Set down precisely the lines from the line with "2113 Zane is" through the end of the material, inclusive, and no pictures.

MATERIAL PROVIDED START

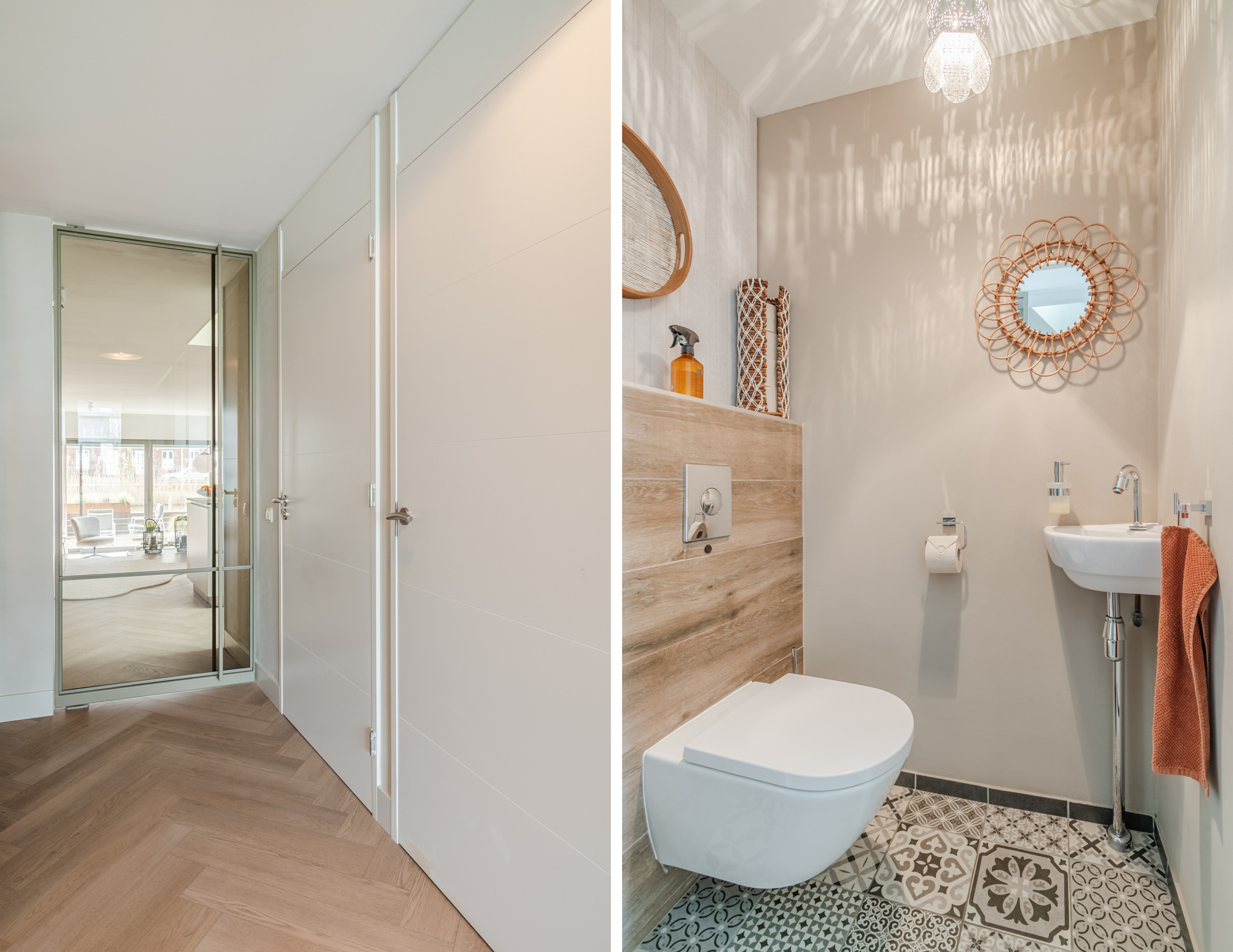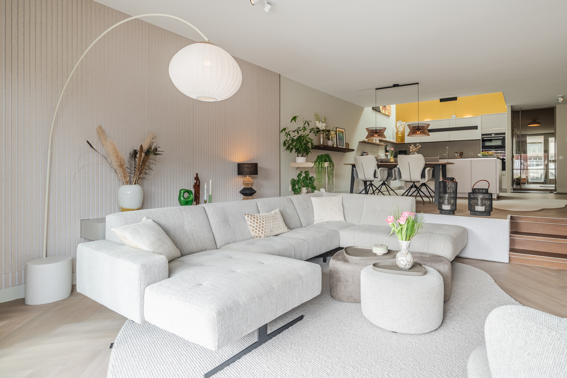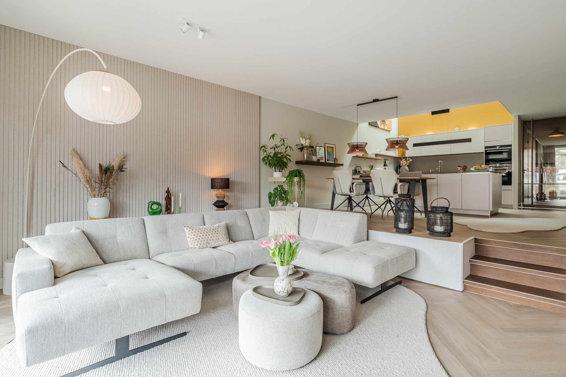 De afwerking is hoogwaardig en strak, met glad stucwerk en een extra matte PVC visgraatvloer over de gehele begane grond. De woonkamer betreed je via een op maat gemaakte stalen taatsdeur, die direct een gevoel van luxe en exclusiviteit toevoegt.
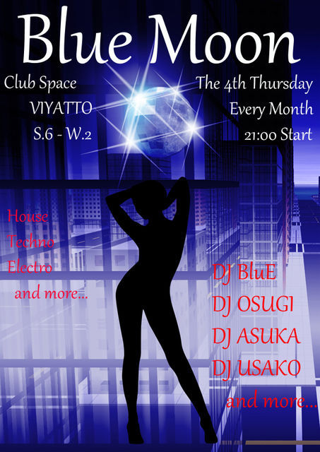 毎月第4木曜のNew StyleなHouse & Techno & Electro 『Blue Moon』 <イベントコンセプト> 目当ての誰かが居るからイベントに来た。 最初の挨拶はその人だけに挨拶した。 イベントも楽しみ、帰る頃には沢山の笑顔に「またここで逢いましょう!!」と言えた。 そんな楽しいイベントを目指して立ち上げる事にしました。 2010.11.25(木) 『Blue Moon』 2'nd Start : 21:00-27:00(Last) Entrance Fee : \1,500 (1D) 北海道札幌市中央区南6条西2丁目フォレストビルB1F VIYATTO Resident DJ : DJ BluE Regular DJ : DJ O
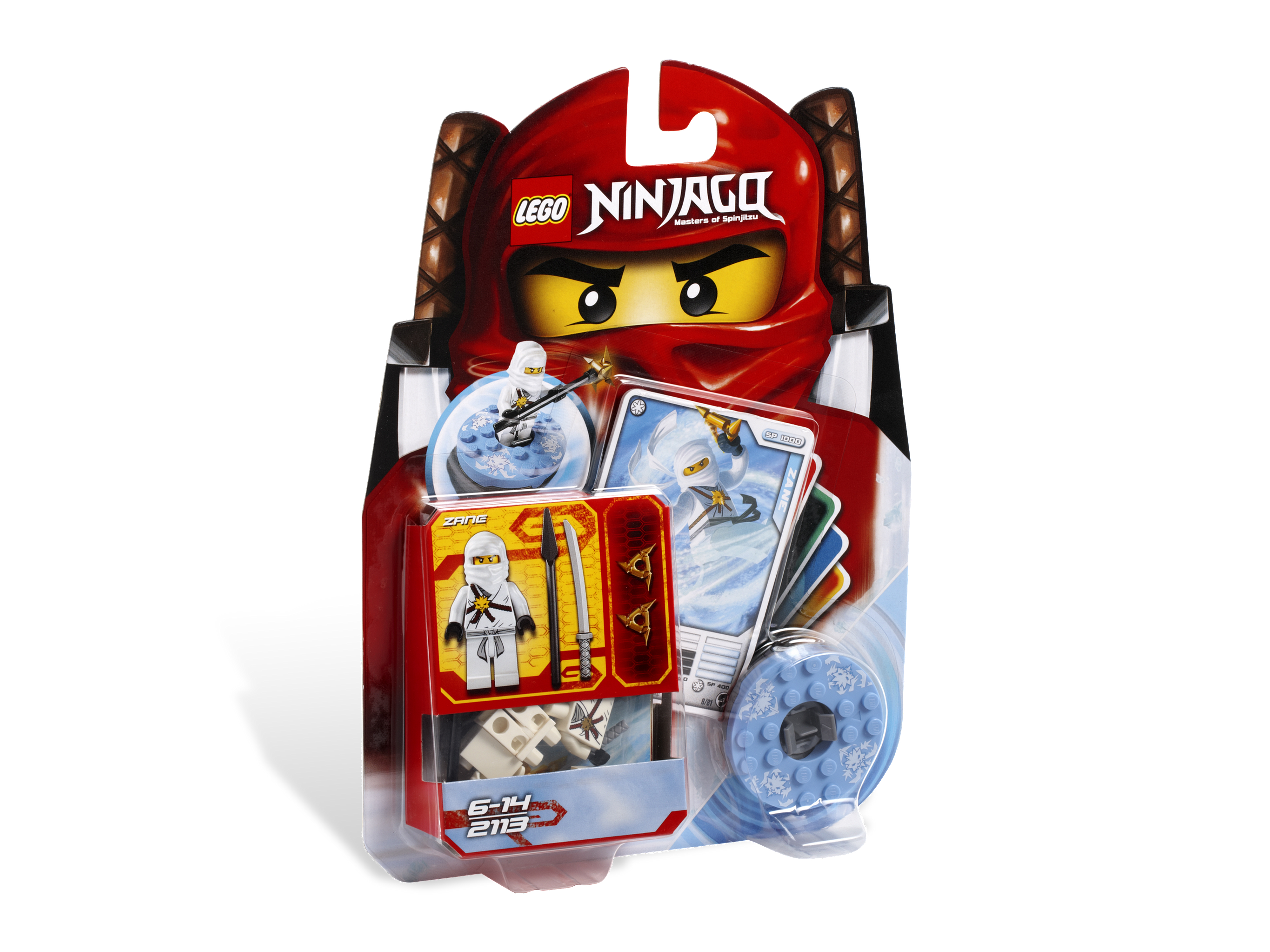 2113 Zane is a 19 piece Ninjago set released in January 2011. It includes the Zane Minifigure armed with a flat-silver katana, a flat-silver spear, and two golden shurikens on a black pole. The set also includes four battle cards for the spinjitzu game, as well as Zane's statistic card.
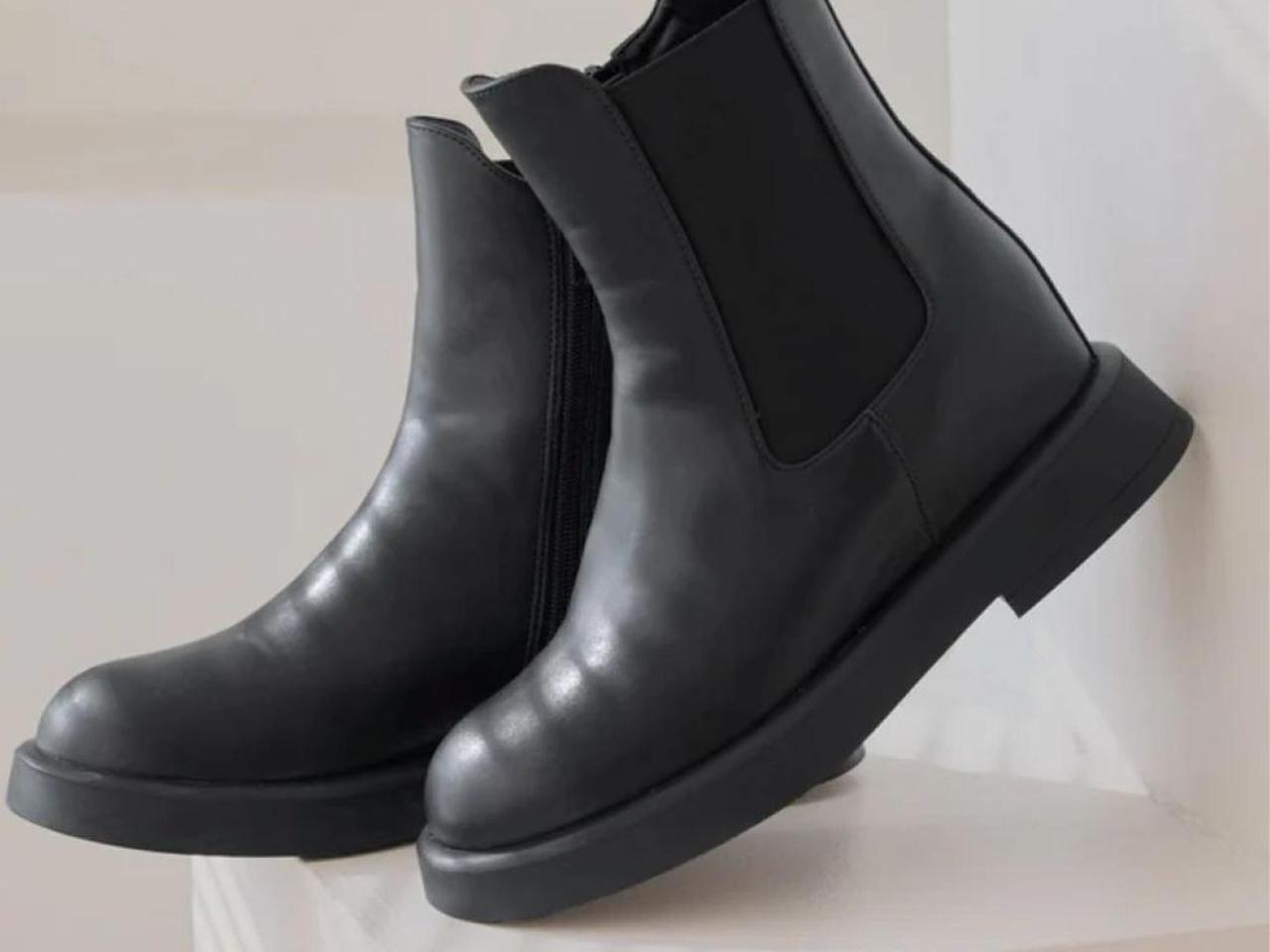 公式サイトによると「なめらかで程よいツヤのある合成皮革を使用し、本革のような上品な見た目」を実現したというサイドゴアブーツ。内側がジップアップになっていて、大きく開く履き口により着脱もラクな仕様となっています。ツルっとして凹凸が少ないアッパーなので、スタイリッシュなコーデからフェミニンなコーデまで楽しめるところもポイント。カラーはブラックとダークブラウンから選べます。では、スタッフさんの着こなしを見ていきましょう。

MATERIAL PROVIDED END

_WORKED SOLUTION_
 2113 Zane is a 19 piece Ninjago set released in January 2011. It includes the Zane Minifigure armed with a flat-silver katana, a flat-silver spear, and two golden shurikens on a black pole. The set also includes four battle cards for the spinjitzu game, as well as Zane's statistic card.
 公式サイトによると「なめらかで程よいツヤのある合成皮革を使用し、本革のような上品な見た目」を実現したというサイドゴアブーツ。内側がジップアップになっていて、大きく開く履き口により着脱もラクな仕様となっています。ツルっとして凹凸が少ないアッパーなので、スタイリッシュなコーデからフェミニンなコーデまで楽しめるところもポイント。カラーはブラックとダークブラウンから選べます。では、スタッフさんの着こなしを見ていきましょう。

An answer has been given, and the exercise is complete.